### Problem details
Your reply should consist only of the lines from the one holding "Size 4F/5F/7F/Replacement Blade" to the last line of the data below, written out exactly and without pictures.

### Data
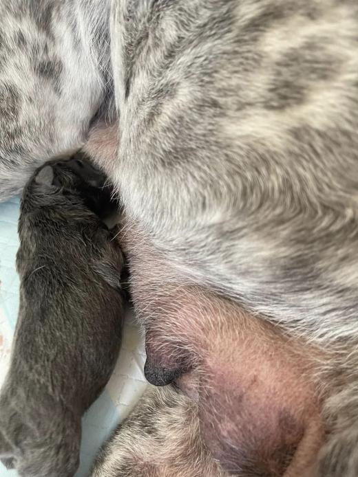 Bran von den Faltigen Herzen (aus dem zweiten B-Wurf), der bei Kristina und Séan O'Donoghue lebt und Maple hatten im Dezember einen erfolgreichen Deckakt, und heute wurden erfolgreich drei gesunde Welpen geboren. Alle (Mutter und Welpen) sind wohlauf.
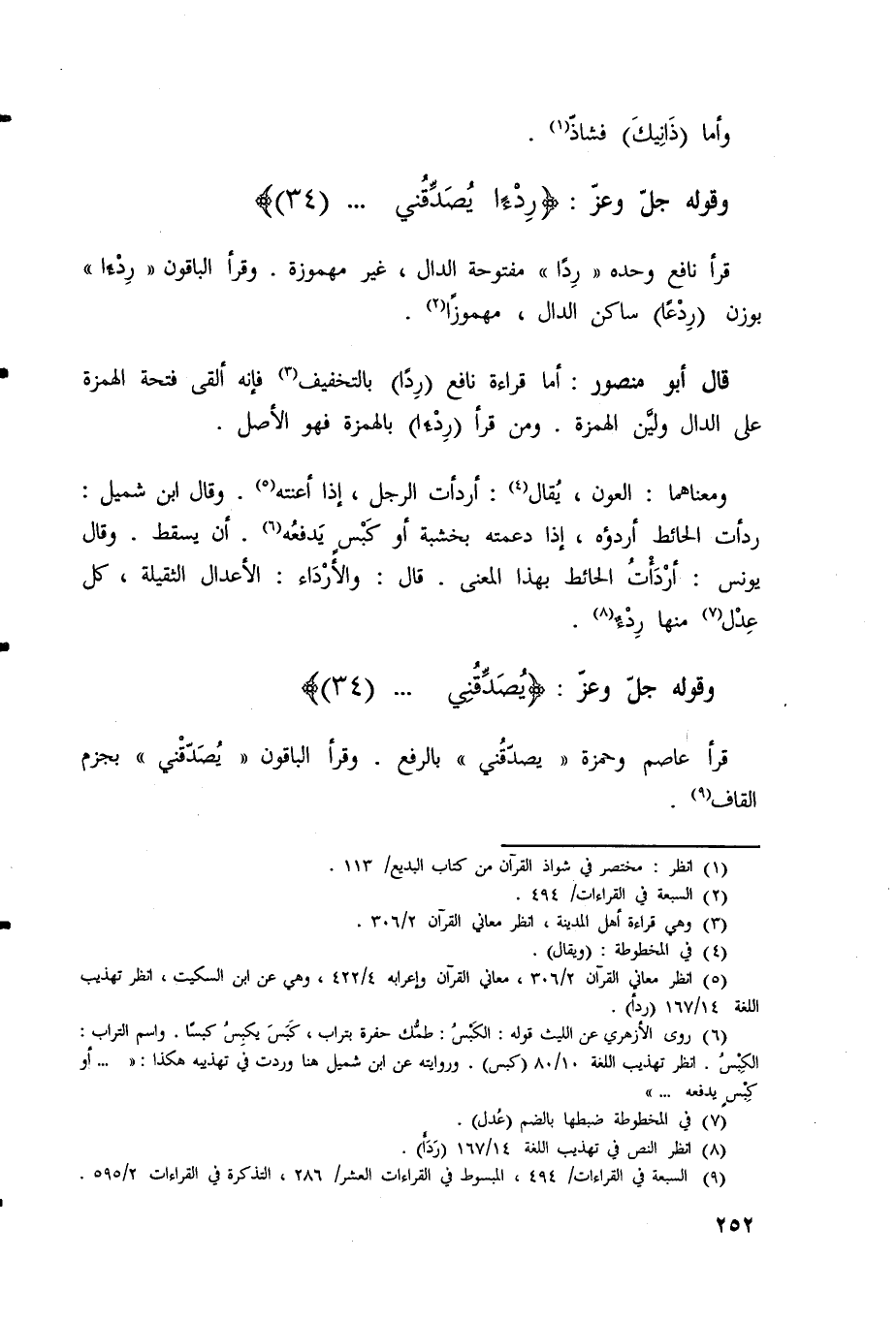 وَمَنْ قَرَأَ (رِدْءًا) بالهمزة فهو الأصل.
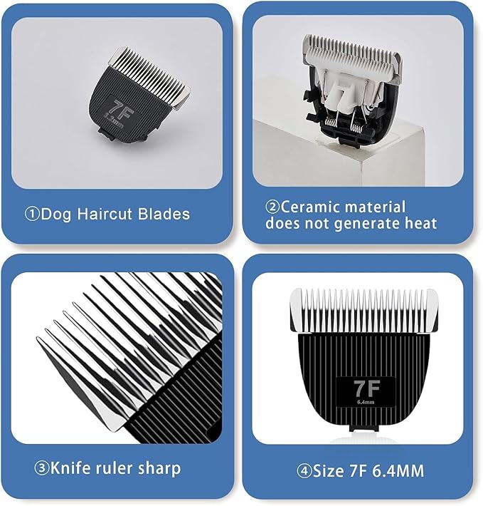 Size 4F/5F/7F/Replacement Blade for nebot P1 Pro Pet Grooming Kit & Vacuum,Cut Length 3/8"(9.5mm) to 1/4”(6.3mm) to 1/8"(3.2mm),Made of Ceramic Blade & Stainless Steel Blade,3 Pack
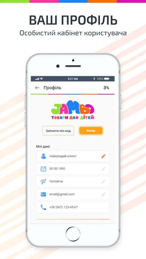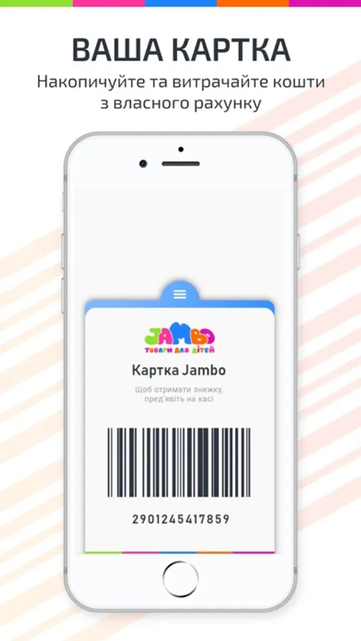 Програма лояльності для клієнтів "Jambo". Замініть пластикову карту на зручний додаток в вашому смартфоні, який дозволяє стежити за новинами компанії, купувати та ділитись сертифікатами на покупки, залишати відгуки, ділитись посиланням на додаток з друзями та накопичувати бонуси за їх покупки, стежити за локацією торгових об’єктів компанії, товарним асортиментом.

### Problem solution
 Size 4F/5F/7F/Replacement Blade for nebot P1 Pro Pet Grooming Kit & Vacuum,Cut Length 3/8"(9.5mm) to 1/4”(6.3mm) to 1/8"(3.2mm),Made of Ceramic Blade & Stainless Steel Blade,3 Pack
 Програма лояльності для клієнтів "Jambo". Замініть пластикову карту на зручний додаток в вашому смартфоні, який дозволяє стежити за новинами компанії, купувати та ділитись сертифікатами на покупки, залишати відгуки, ділитись посиланням на додаток з друзями та накопичувати бонуси за їх покупки, стежити за локацією торгових об’єктів компанії, товарним асортиментом.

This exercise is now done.